Using Materializations with Dremio

Seeds

For an overview of what seeds are, refer to Seeds in the dbt documentation.

Where to Store Them

Object storage
Scratch storage

Configuration	Description
`object_storage_source`	The name of the filesystem in which to store seeds. The dbt alias is `datalake`. The default value is `$scratch`. In Dremio Software, the `$scratch` location points by default to the `/scratch` directory under Dremio's configured distributed cache location (`paths.dist` property in dremio.conf). There are no security protocols or permissions associated with this location -- it is readable and writable by all users. If you are using Dremio Cloud, `$scratch` always points to the `/scratch` directory. You can find more information about this directory here. Non-default values correspond to the name of a source in the Object Storage section of the Datasets page in Dremio:
`object_storage_path`	The path in the filesystem in which to store seeds. The dbt alias is `root_path`. The default is the root level of the filesystem, represented as the value `no_schema`. Nested folders in the path are separated with periods. Non-default values correspond to the path in this location in the Datasets page in Dremio:

Naming Seeds

By default, seeds are given the same name as the file used to create them. Use the file configuration to give a seed a non-default name.

Materializations

Tables

A Dremio table (also known as a physical dataset) is a table materialization that is either created directly from a source or is created from a seed.

Where to Create Them

Object storage
Scratch storage

Configuration	Description
`object_storage_source`	The name of the filesystem in which to create tables. The dbt alias is `datalake`. The default value is `$scratch`. In Dremio Software, the `$scratch` location points by default to the `/scratch` directory under Dremio's configured distributed cache location (`paths.dist` property in dremio.conf). There are no security protocols or permissions associated with this location -- it is readable and writable by all users. If you are using Dremio Cloud, `$scratch` always points to the `/scratch` directory. You can find more information about this directory here. Non-default values correspond to the name of a source in the Object Storage section of the Datasets page in Dremio:
`object_storage_path`	The path in the filesystem in which to create tables. The dbt alias is `root_path`. The default is the root level of the filesystem, represented as the value `no_schema`. Nested folders in the path are separated with periods. Non-default values correspond to the path in this location in the Datasets page in Dremio:

Naming Tables

By default, tables are given the same name as the model used to create them. Use the file configuration to give a table a non-default name. For example, a model named my_basic_table.sql creates by default a table named my_basic_table. With the file configuration, you could create instead a table named my_differently-named-basic-table.
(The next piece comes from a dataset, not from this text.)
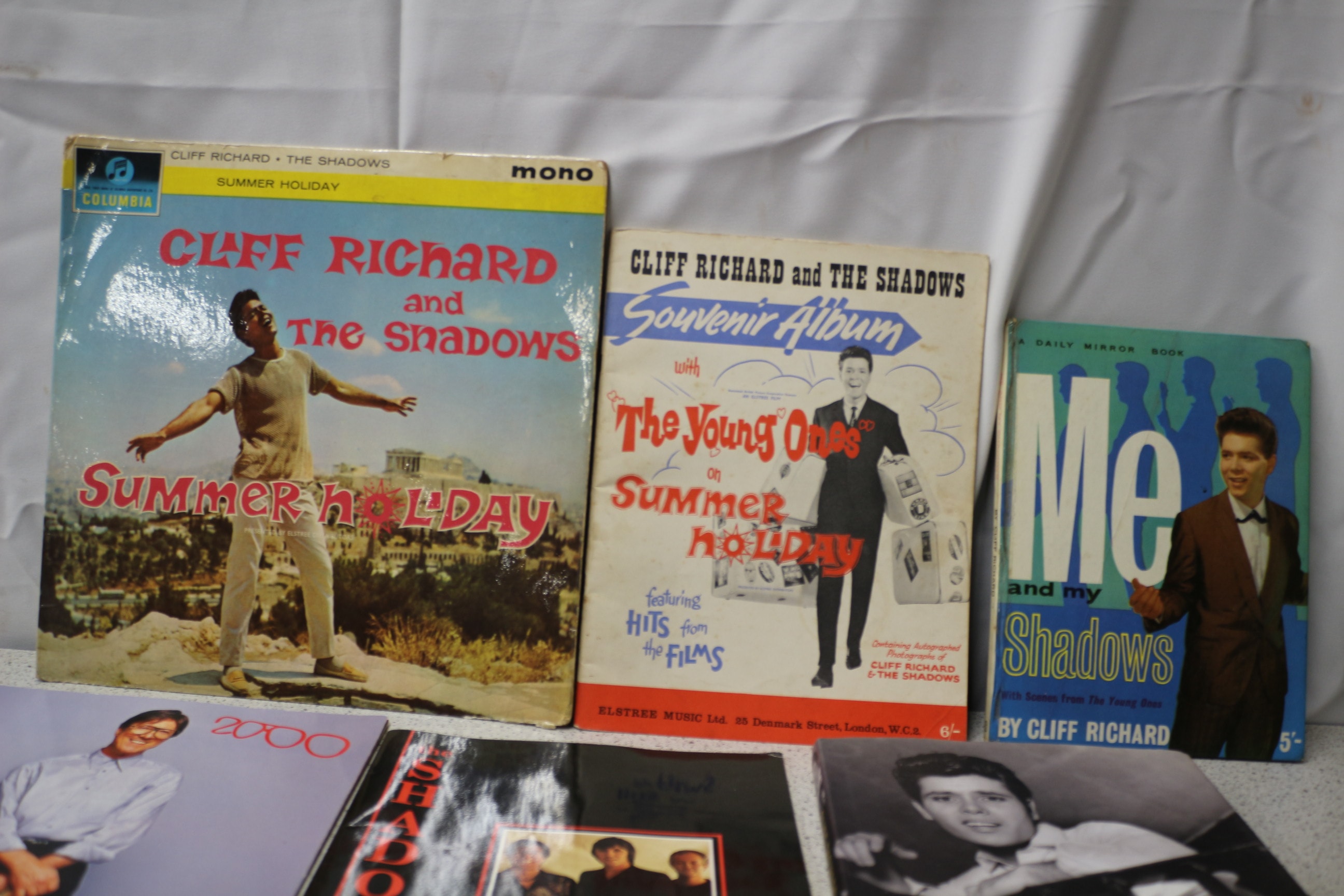 A collection of records and music-related books, including “SUMMER HOLIDAY” by Cliff Richard and The Shadows, featuring the “COLUMBIA” brand and “mono” label.

(Optional) Formatting Tables

The format configuration is an optional configuration that determines the format of a persisted table.

For table materializations created from sources, you can specify the format configuration in a project file or a property file. For table materializations created from seeds, you can specify the format configuration in a project file, a property file or a config block. See Model Confgurations in the dbt documentation.
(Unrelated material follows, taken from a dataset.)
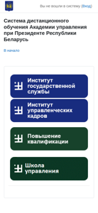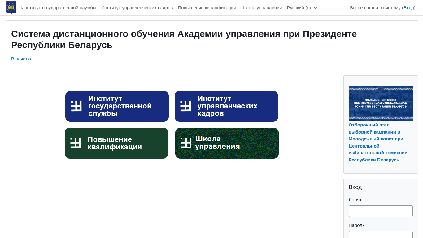 | AI-анализ | The web project "В начало | СДО Академии управления" (moodle.pac.by) is a Moodle-based e-learning platform for the Institute of State Service and the Institute of Managerial Personnel of the Academy of Management under the President of the Republic of Belarus. The platform offers distance learning opportunities in Russian and English for users to access courses on government service, management personnel development, and management education. Users can log in to the system to access content, but if they have not yet registered, they can use the provided contact information to obtain further assistance. The website also includes blocks for login, forgotten password recovery, and contact information for the Center of Distance Education. The domain is hosted on the pac.by server. |

Possible values for both types of table materializations:

iceberg: Formats persisted tables as Apache Iceberg tables.
json: Formats persisted tables as JSON files.
parquet: Formats persisted tables as Parquet files.
text: Formats persisted tables as CSV files.

Additional possible values for table materializations created directly from sources:

delta: Formats source tables as Delta Lake tables.
excel: Formats source tables as Microsoft Excel files.

Additional Settings for the `excel` Value

If using the excel format, there are additional settings; however, these do not show in PDS but rather only applied when running the VDS generated from the twin strategy.

Setting	Description
`extract_header`	Extract the column names from the first line of the file.
`xls`	If the file is in the xls format instead of the xlsx format. Note: This option only works for xls files.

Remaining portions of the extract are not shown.